WHAT YOU SHOULD DO: Transcribe, exactly and without pictures, the lines below from the line with "这套阵容主要的输出是周瑜和小" to the line with "Показал свой проект", both ends included, and no others.

DATA TO PROCESS:
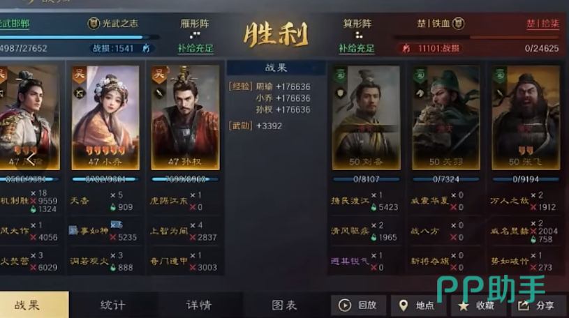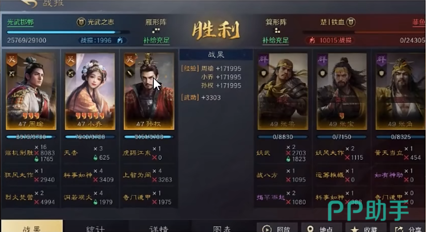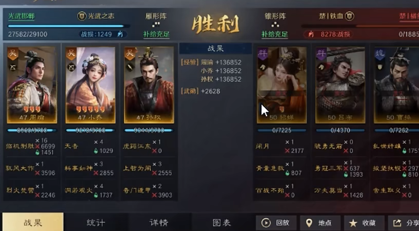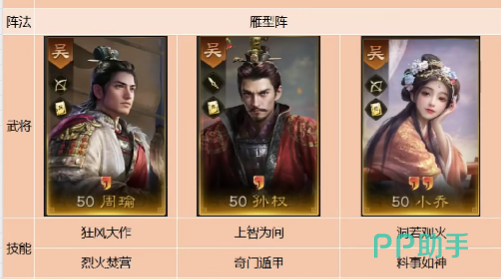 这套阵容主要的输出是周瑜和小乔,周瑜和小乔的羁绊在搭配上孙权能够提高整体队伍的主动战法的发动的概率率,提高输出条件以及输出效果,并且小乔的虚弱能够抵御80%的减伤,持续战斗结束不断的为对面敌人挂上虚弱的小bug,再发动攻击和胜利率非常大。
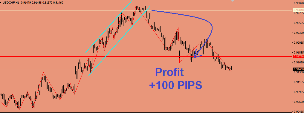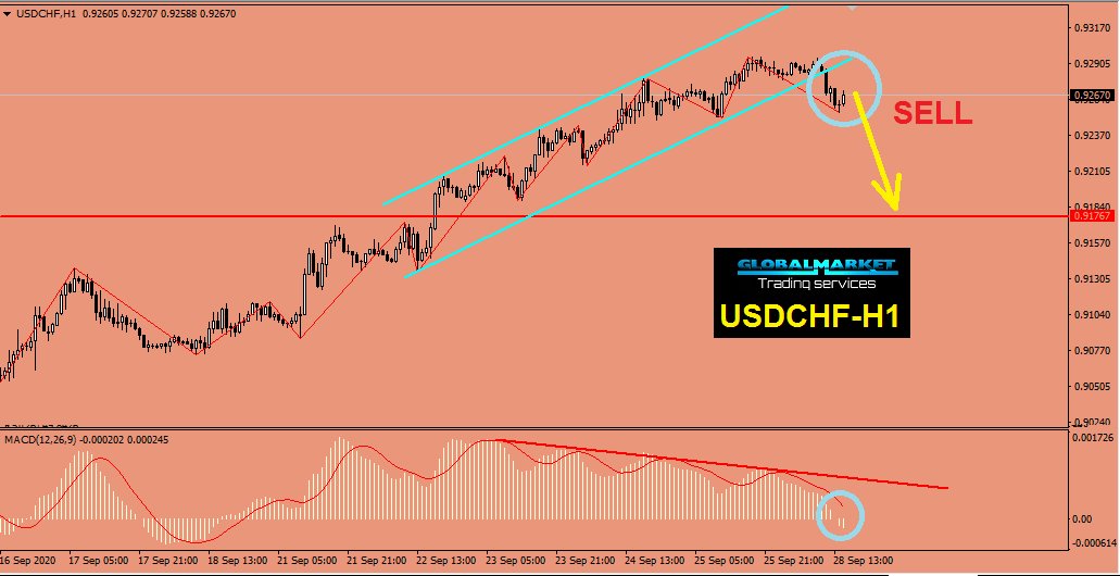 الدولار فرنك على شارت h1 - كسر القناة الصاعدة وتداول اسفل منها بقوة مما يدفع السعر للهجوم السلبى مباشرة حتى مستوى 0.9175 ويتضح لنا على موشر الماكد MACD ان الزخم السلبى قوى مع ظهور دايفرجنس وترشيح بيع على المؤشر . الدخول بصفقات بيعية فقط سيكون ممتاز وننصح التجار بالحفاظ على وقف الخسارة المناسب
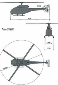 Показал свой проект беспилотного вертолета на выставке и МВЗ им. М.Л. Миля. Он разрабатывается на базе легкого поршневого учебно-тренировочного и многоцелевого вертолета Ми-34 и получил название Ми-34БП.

...

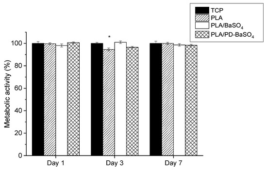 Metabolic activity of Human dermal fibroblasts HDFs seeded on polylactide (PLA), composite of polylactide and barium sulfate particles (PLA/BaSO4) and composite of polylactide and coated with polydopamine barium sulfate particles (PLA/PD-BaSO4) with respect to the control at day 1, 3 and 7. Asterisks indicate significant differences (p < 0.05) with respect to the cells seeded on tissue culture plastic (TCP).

THE ANSWER:
 这套阵容主要的输出是周瑜和小乔,周瑜和小乔的羁绊在搭配上孙权能够提高整体队伍的主动战法的发动的概率率,提高输出条件以及输出效果,并且小乔的虚弱能够抵御80%的减伤,持续战斗结束不断的为对面敌人挂上虚弱的小bug,再发动攻击和胜利率非常大。
 الدولار فرنك على شارت h1 - كسر القناة الصاعدة وتداول اسفل منها بقوة مما يدفع السعر للهجوم السلبى مباشرة حتى مستوى 0.9175 ويتضح لنا على موشر الماكد MACD ان الزخم السلبى قوى مع ظهور دايفرجنس وترشيح بيع على المؤشر . الدخول بصفقات بيعية فقط سيكون ممتاز وننصح التجار بالحفاظ على وقف الخسارة المناسب
 Показал свой проект беспилотного вертолета на выставке и МВЗ им. М.Л. Миля. Он разрабатывается на базе легкого поршневого учебно-тренировочного и многоцелевого вертолета Ми-34 и получил название Ми-34БП.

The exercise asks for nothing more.